Again, YES! I feel validated asking every patient, every year, about the strength and depth of their emotional support network. It’s not my job to help them cultivate it, the way I advise on ways to lower blood pressure and cholesterol. But I point it out so it’s on our radar, to reinforce the paramount importance of this aspect of whole person health.

A fellow physician mom posted on the FB book club group page about Chasing the Scream by Johann Hari. The Amazon page references his viral TED talk years ago on how wrong we are about addiction, which rang a bell, so I watched it again. It’s only 14:33, well worth your time and attention. We think substances themselves are the problem. Turns out, it’s context. Loneliness and disconnection are far stronger drivers of addiction–to substances and other things–than the things themselves. Hear about ‘rat park’ at 3:30 where rats with toys and friends do not prefer drug-laced water when given a choice, compared to their stimulus- and companion-deprived research counterparts. Continue watching to learn about the unintended human drug addiction study that was the Vietnam War, where only 5% of the soldiers who used heroine in company relapsed upon returning home. His lovely conclusion: “For 100 years now, we’ve been singing war songs about addicts. I think all along we should have been singing love songs to them, because the opposite of addiction is not sobriety. The opposite of addiction is connection.

Recently I started asking patients to categorize their alcohol use patterns among three overlapping motivations: social, self-medication, and habit.
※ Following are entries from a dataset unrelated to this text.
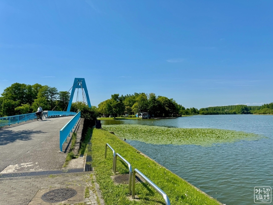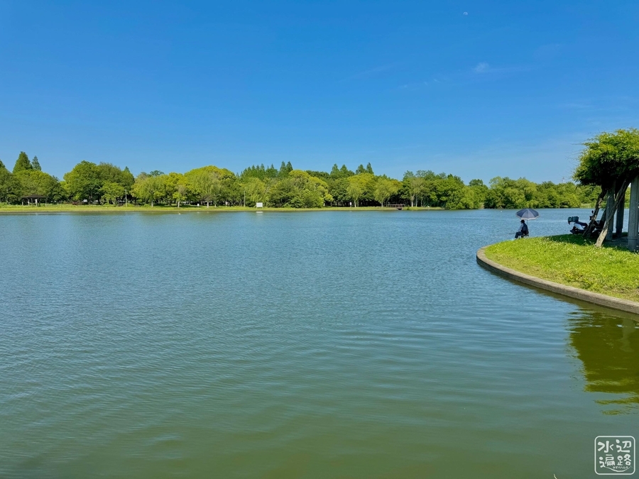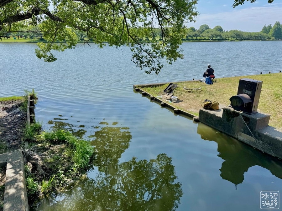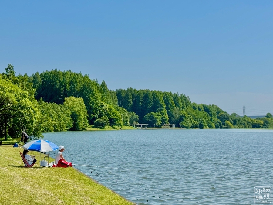 「釣仙郷」を掲げるだけあって、水面に近い岸辺は緑に覆われた自然護岸。どこからでも竿を出せる。ただしリール釣りは禁止。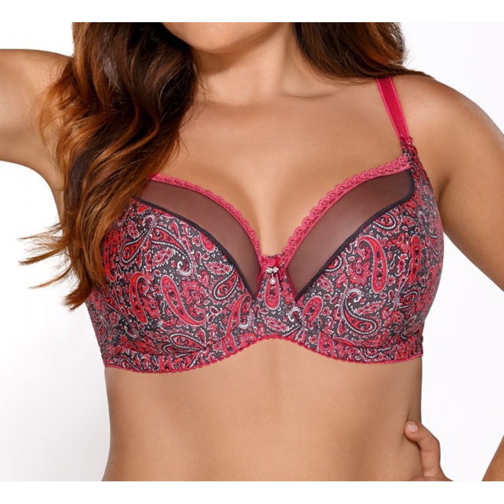 Бюстгальтер з напівпідкладкою, що привертає увагу, виготовлений з мікрофібри з малюнком. Верхня ліні..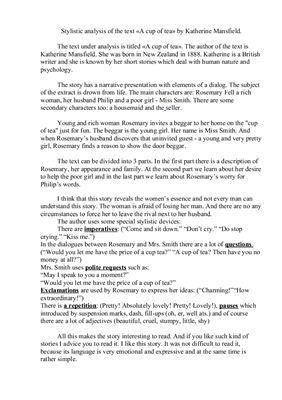 تحلیل سبکی متن یک فنجان چای اثر کاترین منسفیلد |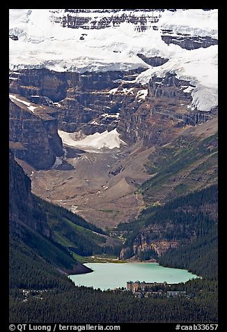 Lake Louise and Chateau Lake Louise at the base of Victorial Peak. Banff National Park, Canadian Rockies, Alberta, Canada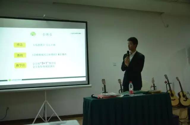 讲座当天,余晓维金手指吉他教育教学部主管罗祎老师为大家分享了“金手指吉他集体课教学体系”的重点内容,同时也号召广大老师可以抓住少儿吉他教育的发展空间和机遇,跟进先进的教育理念和吉他管理体制,加入余晓维金手指吉他教育大家庭,共同为推广中国少儿吉他教育而努力。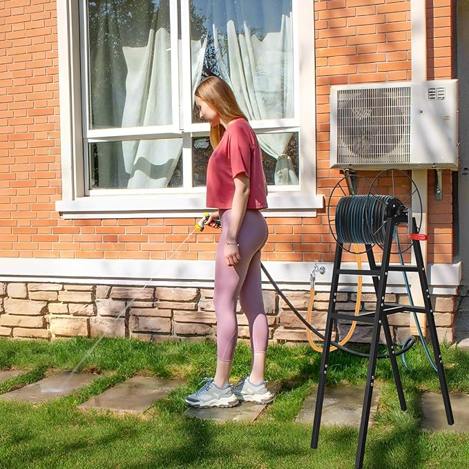 • 【New & Improved Freestanding Hose Reel –This garden hose reel features a sturdy 4-leg construction that delivers far superior stability and weight capacity compared to flimsy 2-leg models - perfect for demanding outdoor watering tasks. The freestanding design requires no drilling or installation; simply place it anywhere in your garden, patio, or yard for completely hassle-free hose storage.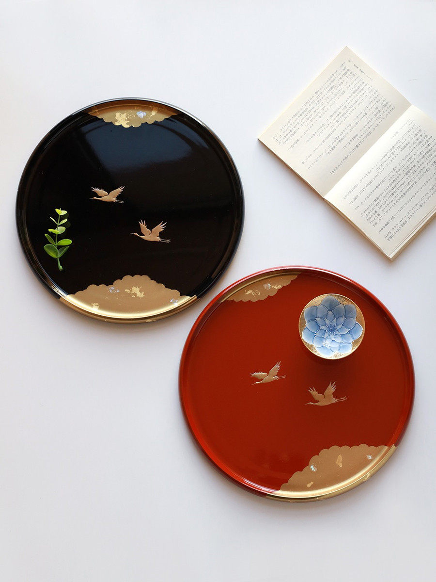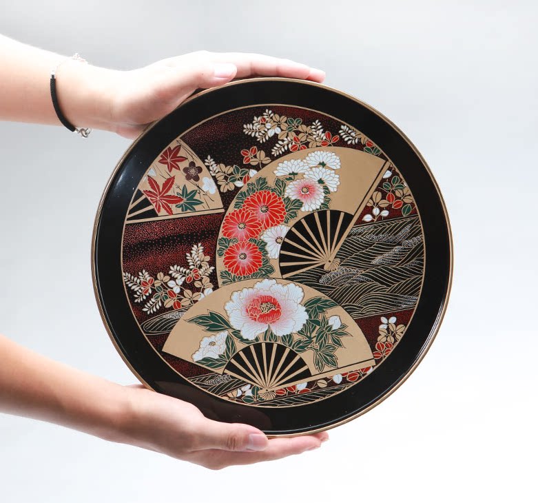 30 cm dance fan tray 30 cm cherry blossom pan dark red 30 cm cherry blossom pan red 27 cm gold leaf cranes 30 cm gold leaf autumn grass pan 27 cm double cranes pan black 27 cm double cranes red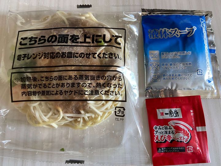 電子レンジ調理なのでとっても簡単。鍋で作ることもできます。「こちらの面を上にして」と書いてあるほうを上にして耐熱皿にのせて電子レンジで加熱、その間に熱湯でスープを溶かして作っておき加熱後の麺とえび辛ペーストをのせれば完成!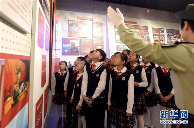 10月9日,少先隊員們在武警安徽總隊合肥支隊隊史館參觀。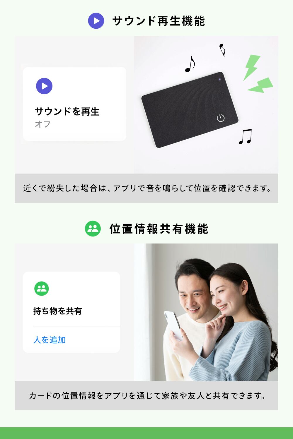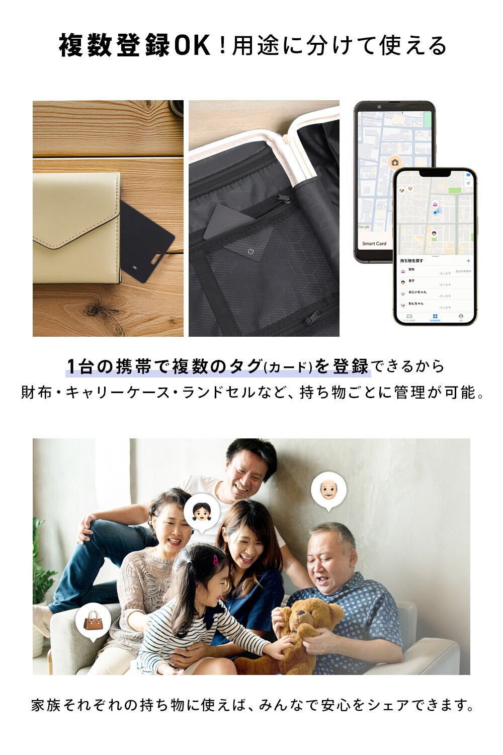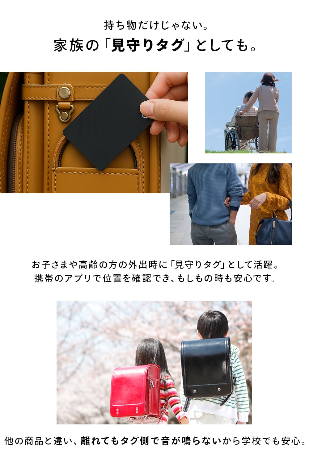 家族それぞれの持ち物に入れて安心をシェアできます。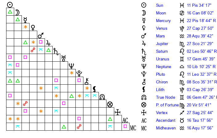 | Moon | 16 Cancer 22 | 23 Aries 24 | 20 Taurus 20 |

That middle one is a flag, though it’s often camouflaged by the other two. Identifying, accepting, and addressing our demons may be one of the scariest things we do in life. No wonder we avoid it so desperately–even more so when we feel we must do it alone.

Our relationships kill us or save us, I often say. More and more I think it’s not actually the toxic relationships that kill us, not if we have other strong, loving, thick relationships, communities, connections, and meaning to hold us up. No, it’s the lack of relationships, that absence of connection, that kills us. It doesn’t have to be many friends or connections, it just has to be enough–close enough, deep enough, tight enough.

Who’s on your mind today? Why not reach out and let them know?